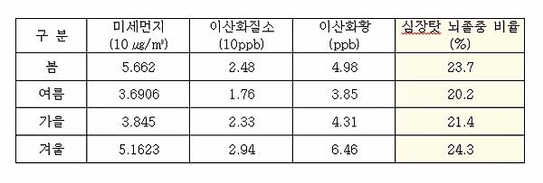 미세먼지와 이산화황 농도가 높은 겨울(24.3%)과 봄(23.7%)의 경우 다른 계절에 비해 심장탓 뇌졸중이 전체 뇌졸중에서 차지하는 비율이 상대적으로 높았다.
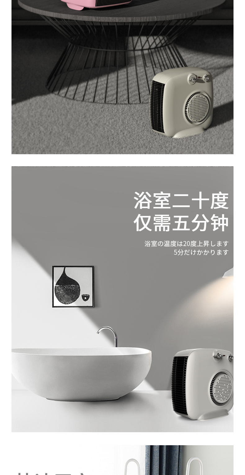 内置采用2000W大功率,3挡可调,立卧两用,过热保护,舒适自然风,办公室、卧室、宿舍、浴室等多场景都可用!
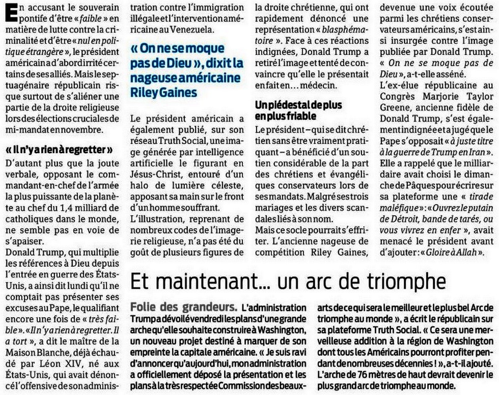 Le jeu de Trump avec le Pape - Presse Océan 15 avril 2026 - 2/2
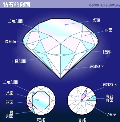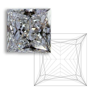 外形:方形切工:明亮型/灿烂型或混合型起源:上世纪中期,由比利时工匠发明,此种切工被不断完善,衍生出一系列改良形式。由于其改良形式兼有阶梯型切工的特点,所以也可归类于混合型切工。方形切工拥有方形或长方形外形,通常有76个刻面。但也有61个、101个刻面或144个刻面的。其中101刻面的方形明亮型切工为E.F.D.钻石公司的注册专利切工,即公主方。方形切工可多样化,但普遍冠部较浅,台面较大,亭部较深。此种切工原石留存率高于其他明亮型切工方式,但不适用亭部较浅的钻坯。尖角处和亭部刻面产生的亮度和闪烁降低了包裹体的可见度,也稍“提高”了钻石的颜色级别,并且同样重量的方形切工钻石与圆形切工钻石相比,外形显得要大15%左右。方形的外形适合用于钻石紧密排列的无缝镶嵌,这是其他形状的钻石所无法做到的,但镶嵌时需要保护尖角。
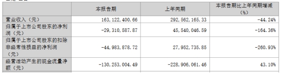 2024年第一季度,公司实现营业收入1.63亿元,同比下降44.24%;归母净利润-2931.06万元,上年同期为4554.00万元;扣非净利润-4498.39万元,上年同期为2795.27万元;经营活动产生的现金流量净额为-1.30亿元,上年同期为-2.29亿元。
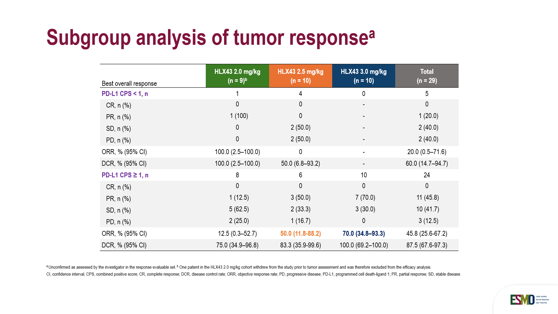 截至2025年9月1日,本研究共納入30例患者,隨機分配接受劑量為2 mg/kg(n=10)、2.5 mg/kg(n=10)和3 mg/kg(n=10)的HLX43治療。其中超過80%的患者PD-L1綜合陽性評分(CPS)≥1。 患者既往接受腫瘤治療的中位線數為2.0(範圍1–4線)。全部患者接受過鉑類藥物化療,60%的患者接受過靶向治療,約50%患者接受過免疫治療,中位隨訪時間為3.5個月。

========================================

Without the pictures, give every line above again exactly.

== Result of the task ==
 미세먼지와 이산화황 농도가 높은 겨울(24.3%)과 봄(23.7%)의 경우 다른 계절에 비해 심장탓 뇌졸중이 전체 뇌졸중에서 차지하는 비율이 상대적으로 높았다.
 内置采用2000W大功率,3挡可调,立卧两用,过热保护,舒适自然风,办公室、卧室、宿舍、浴室等多场景都可用!
 Le jeu de Trump avec le Pape - Presse Océan 15 avril 2026 - 2/2
 外形:方形切工:明亮型/灿烂型或混合型起源:上世纪中期,由比利时工匠发明,此种切工被不断完善,衍生出一系列改良形式。由于其改良形式兼有阶梯型切工的特点,所以也可归类于混合型切工。方形切工拥有方形或长方形外形,通常有76个刻面。但也有61个、101个刻面或144个刻面的。其中101刻面的方形明亮型切工为E.F.D.钻石公司的注册专利切工,即公主方。方形切工可多样化,但普遍冠部较浅,台面较大,亭部较深。此种切工原石留存率高于其他明亮型切工方式,但不适用亭部较浅的钻坯。尖角处和亭部刻面产生的亮度和闪烁降低了包裹体的可见度,也稍“提高”了钻石的颜色级别,并且同样重量的方形切工钻石与圆形切工钻石相比,外形显得要大15%左右。方形的外形适合用于钻石紧密排列的无缝镶嵌,这是其他形状的钻石所无法做到的,但镶嵌时需要保护尖角。
 2024年第一季度,公司实现营业收入1.63亿元,同比下降44.24%;归母净利润-2931.06万元,上年同期为4554.00万元;扣非净利润-4498.39万元,上年同期为2795.27万元;经营活动产生的现金流量净额为-1.30亿元,上年同期为-2.29亿元。
 截至2025年9月1日,本研究共納入30例患者,隨機分配接受劑量為2 mg/kg(n=10)、2.5 mg/kg(n=10)和3 mg/kg(n=10)的HLX43治療。其中超過80%的患者PD-L1綜合陽性評分(CPS)≥1。 患者既往接受腫瘤治療的中位線數為2.0(範圍1–4線)。全部患者接受過鉑類藥物化療,60%的患者接受過靶向治療,約50%患者接受過免疫治療,中位隨訪時間為3.5個月。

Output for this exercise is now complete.